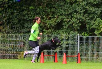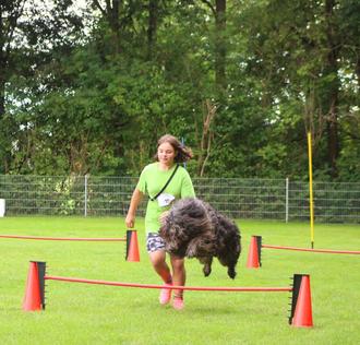 Als Erste startete Lotta Nengelken (Jugend) mit amerik. Collie-Großpudelmix „Leo“ beim 2 km Geländelauf und setzte sich mit Bestzeit von 12:01min. selbst von den Erwachsenen ab. Im Vierkampf (VK), Leistungsklasse (LK) 1 wechselte N. Nengelken zu Bordercollie – Großpudelmix „Loki“. Die Unterordnung verlief zu Beginn eher schleppend. Loki hing leicht hinten dran und machte einen ramdösigen Eindruck. Dafür gab es 48 Punkte. Das änderte sich schlagartig in der 2. Disziplin Hürdenlauf. Da musste Loki ausgebremst werden, damit er nicht die 60m Hürden ohne Frauchen durchflitzt. Sie musste ja mit über die Hürden. In der 3. Disziplin Slalom beging L. Nengelken den Fehler die 1. Runde mit einer neuen Technik zu führen. Diese vorher nicht im Training ausprobiert, verursachte 8 Fehlerpunkte. In der 2. Runde hörte sie auf die Trainer, zog die alte Technik durch und es funktionierte. Die 4. Disziplin Hindernislauf liefen die Zwei beide Runden ohne Zwischenfälle perfekt. Mit 223 Punkten in der Gesamtwertung nur knapp an der Qualifikation für die LK 2 vorbei. Ärgerlich, wenn man bedenkt, dass Fehlerpunkte auf den Versuch beim Slalom gingen. Trotzdem Platz 1 im VK 1 (Jugend).
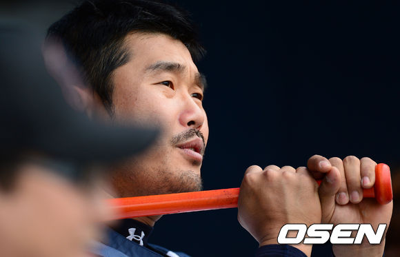 27일 오후 창원 마산야구장에서 열린 2013 한국야쿠르트 세븐프로야구 NC 다이노스와 두산 베어스의 경기, 경기에 앞서 NC 이호준이 취재진과 이야기를 나누고 있다.
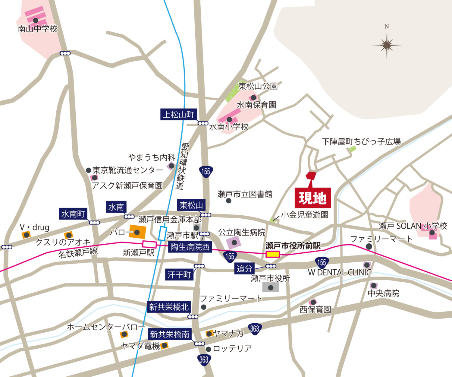 | 名鉄瀬戸線「新瀬戸」駅 | 約1,300m(徒歩17分) | |
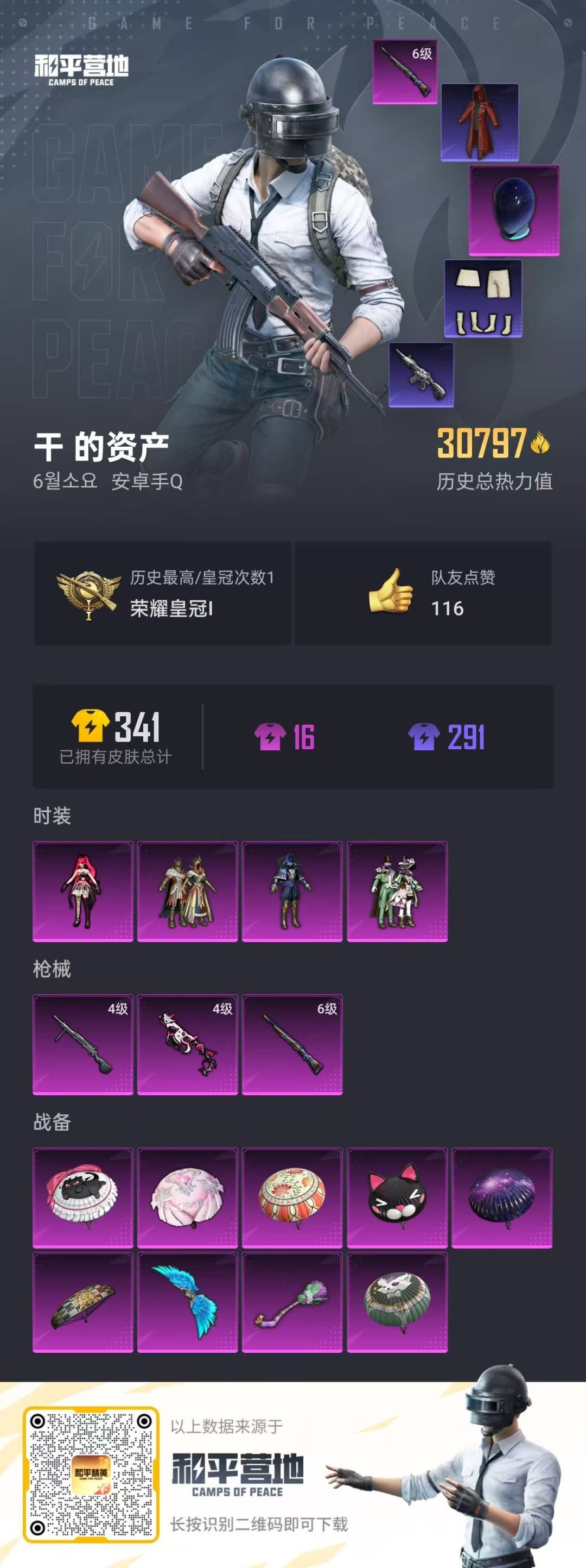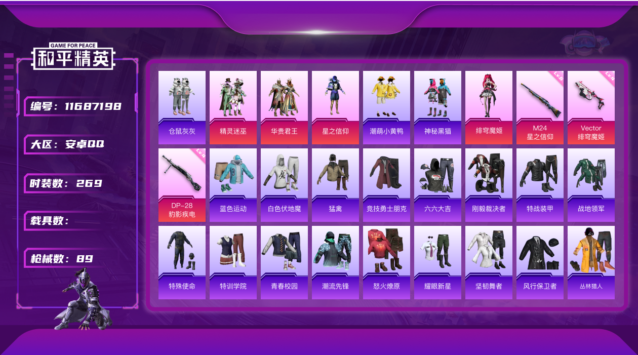 - PX_2057751- 安卓手Q-12王牌印记-有战神框-8粉装-10特效枪-5载具-82769热力值-172套装-224枪皮-7卓越印记-7传奇印记 【8粉装】,初号机 觉醒Ver.,放客神游,洛天依,星穹咏叹调,智耀战神,千金淑猫,圣堂之誓,绚金战神 【10特效枪】SCAR-L-锦绣绵绵-5级 M416-女娲灵识-3级 M416-五爪金龙-7级 Kar98K-巳巳如意-5级 M24-镜域双华-

• Brief
Your copy should start at the line with "27일 오후 창원 마산야구장에서", stop at the last line of the listing above, match exactly, and contain no pictures.

• Result
 27일 오후 창원 마산야구장에서 열린 2013 한국야쿠르트 세븐프로야구 NC 다이노스와 두산 베어스의 경기, 경기에 앞서 NC 이호준이 취재진과 이야기를 나누고 있다.
 | 名鉄瀬戸線「新瀬戸」駅 | 約1,300m(徒歩17分) | |
 - PX_2057751- 安卓手Q-12王牌印记-有战神框-8粉装-10特效枪-5载具-82769热力值-172套装-224枪皮-7卓越印记-7传奇印记 【8粉装】,初号机 觉醒Ver.,放客神游,洛天依,星穹咏叹调,智耀战神,千金淑猫,圣堂之誓,绚金战神 【10特效枪】SCAR-L-锦绣绵绵-5级 M416-女娲灵识-3级 M416-五爪金龙-7级 Kar98K-巳巳如意-5级 M24-镜域双华-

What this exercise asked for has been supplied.